Turkey alleges Muslim cleric was behind coup bid
Turkey’s allegations that Muslim cleric Fethullah Gulen was behind the country’s recent coup attempt has exacerbated the ill will between him and the nation’s president, who were once considered close allies.
President Recep Tayyip Erdogan blamed the coup attempt on supporters of his US-based foe, Gulen, whose Hizmet movement has an influential presence in the Turkish media, police and judiciary.
Gulen issued a statement condemning in “the strongest terms” the attempted coup and categorically denying accusations that he was behind it.
“Government should be won through a process of free and fair elections, not force,” he said. “I pray to God for Turkey, for Turkish citizens, and for all those currently in Turkey that this situation is resolved peacefully and quickly.”
“As someone who suffered under multiple military coups during the past five decades,” Gulen said, “it is especially insulting to be accused of having any link to such an attempt.”
Outsiders faulted
Faced with anti-government protests and corruption investigations, Erdogan has blamed his problems in part on Gulen’s followers and foreign powers. The Turkish president has frequently accused his former ally, who lives in exile in the US state of Pennsylvania, of trying to overthrow the government.
But in his own messages, Gulen has said Erdogan suffered from “decayed thinking” and denied the president’s accusations. Washington has never found any compelling evidence in Erdogan’s previous claims.
Speaking to reporters in Luxembourg on Saturday, US secretary of state John Kerry said that the US would entertain an extradition request for Gulen, but only if Turkey presented legitimate evidence of wrongdoing. “We fully anticipate that there will be questions raised about Mr. Gulen,” Kerry said.
As an imam in Turkey, Gulen encouraged his followers to become educated, and the movement spread beyond Turkish borders, with hundreds of schools and charities established in other countries.
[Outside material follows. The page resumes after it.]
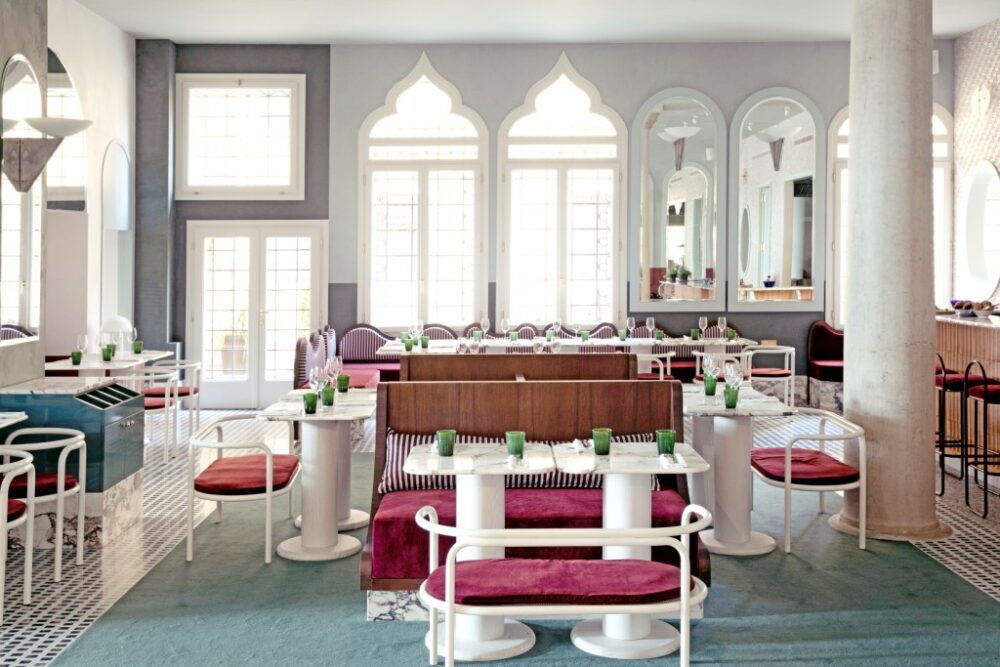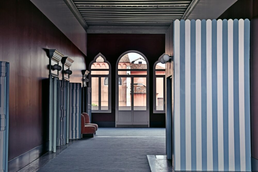 Le decorazioni a righe riprendono le strisce delle maglie dei gondolieri, e ovunque trionfano l’amore per la simmetria di Dorothée Meilichzon, gli amati archi a tutto sesto e studiati dettagli in stile Art Dèco

Since the preacher’s run-in with Turkey’s secular leadership in the 1990s, one of the key aims of his movement’s international activities abroad has been to leverage its international clout back in Turkey.
His philosophy
The ailing 75-year-old Muslim cleric is known for promoting a philosophy that blends a mystical form of Islam with strong advocacy of democracy, education, science and interfaith dialogue.
In an interview with the Voice of America in 2014, Alp Aslandogan, a Turkish-American businessman, Gulen’s main spokesman, compared the preacher to US civil rights leader Martin Luther King Jr.
“The civil rights movement advocated equal rights for all citizens,” said Aslandogan. Similarly, in Turkey, Gulen advocated for equality and equal opportunity for all citizens – observant Muslims and others who historically had been discriminated against.
“The civil rights movement abstained from violence. Similarly, Gulen throughout his life always criticized and rejected violence,” Aslandogan said. After the September 11 2001, terrorist attacks in the United States, he said, Gulen called Osama bin Laden “a monster.”
Gulen’s messages of peace and tolerance have won him praise from luminaries in the United States. Former secretaries of state Madeleine Albright and James Baker and former president Bill Clinton have all spoken at Gulen foundation events.
His movement, Hizmet, or “service” in Turkish, includes think tanks, schools and various media enterprises.
Investigations in US
However, the movement has been under increasing scrutiny in the US for its links to a group of about 145 charter schools. Hizmet-linked schools in Texas have been accused of visa fraud and misuse of taxpayer money, and the FBI has investigated allegations of sexual misconduct at a charter school in New Orleans. Both the schools and the Hizmet movement deny that they have a relationship, but Gulen supporters are believed to hold positions in the schools.
In 1999, Gulen, who had conflicts with the military-backed secular government in Ankara, left the country and took refuge in what was then a camp for Turkish-American children in Pennsylvania. He was granted permanent-resident status in 2008.